# roo??



## taoga (Oct 28, 2012)

Does anyone else think this is starting to look like a roo??


----------



## ksalvagno (Oct 6, 2009)

I guess you will find out if he crows!


----------



## milkmaid (Sep 15, 2010)

What breed? I don't know but it looks like it will be a pretty one, when the feathers grow in lol! Are there others to compare it to?


----------



## taoga (Oct 28, 2012)

She/ he is a Silkie


----------



## NyGoatMom (Jan 26, 2013)

That's a boy


----------



## Flamey (Mar 28, 2013)

How can you tell it's a roo? I'm just wondering so I know for my chicks


----------



## NyGoatMom (Jan 26, 2013)

Silkie hens typically do not get really large wattles so early.....is there any coloration to the comb?


----------



## keren (Oct 26, 2008)

I beg to differ ...

This is a roo


----------



## teejae (Jan 21, 2013)

hahahah!! yep a big RED


----------



## taoga (Oct 28, 2012)

No coloration in the comb...just thought with this breed roos have combs and hens have big fluffy heads...??


----------



## mjs500doo (Nov 24, 2012)

Silkies you can not sex until they crow. Literally.

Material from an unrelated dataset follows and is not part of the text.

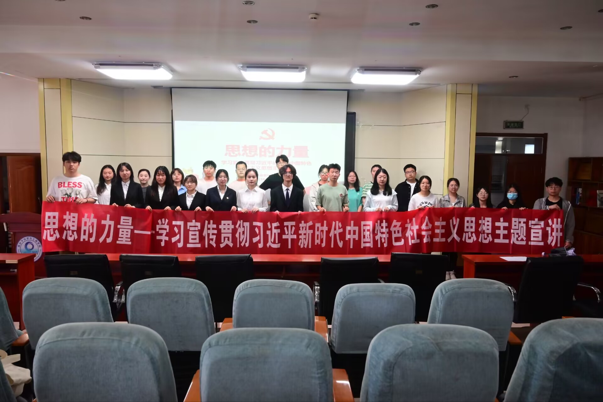 5月27日,学院举办“思想的力量”--学习宣传贯彻习近平新时代中国特色社会主义思想主题宣讲会,党员先锋岗成员结合所见所闻、所思所想,用朴实的语言、真挚的情感讲述了理论的内涵、发展的成就、奋斗的故事以及青年的使命,增强广大青年对习近平新时代中国特色社会主义思想的政治认同、思想认同、理论认同和情感认同。
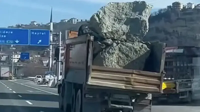 Trabzon’un Sürmene ilçesi Sahil Yolu Caddesi'nde seyir halinde ilerleyen önlemsiz yük kamyonu, vatandaşların tepkisine neden oldu.Kamyonun güvenlik önlemi almadan kaya taşıdığı görüntüler sosyal medyada hızla yayıldı.

I mean, you can guess but silkies are one of the hardest to sex. Females tend to have feathers than stick straight up, males tend to have feathers that come up and round over at the tips. At this stage, you can't quite tell yet as the "top" hasn't fully filled out.


----------



## NyGoatMom (Jan 26, 2013)

Males can also have fluffy looking heads...depends on the quality of silkie...is yours hatchery? Looks like the crest is small and that generally happens with hatchery silkies...here is a pic of one of my silkies so you can see what I mean. She is older but she had a good crest right from the start with her down, you could tell it would be well rounded...second pic is of my rooster when he was younger....see his crest?
Third pic is how much comb he got....fourth is a silkie hen on eggs...just cause she's cute 

mjs500doo~ Yeah,before I started breeding, I had a really hard time too...sometimes they still surprise me but I have gotten better at guessing


----------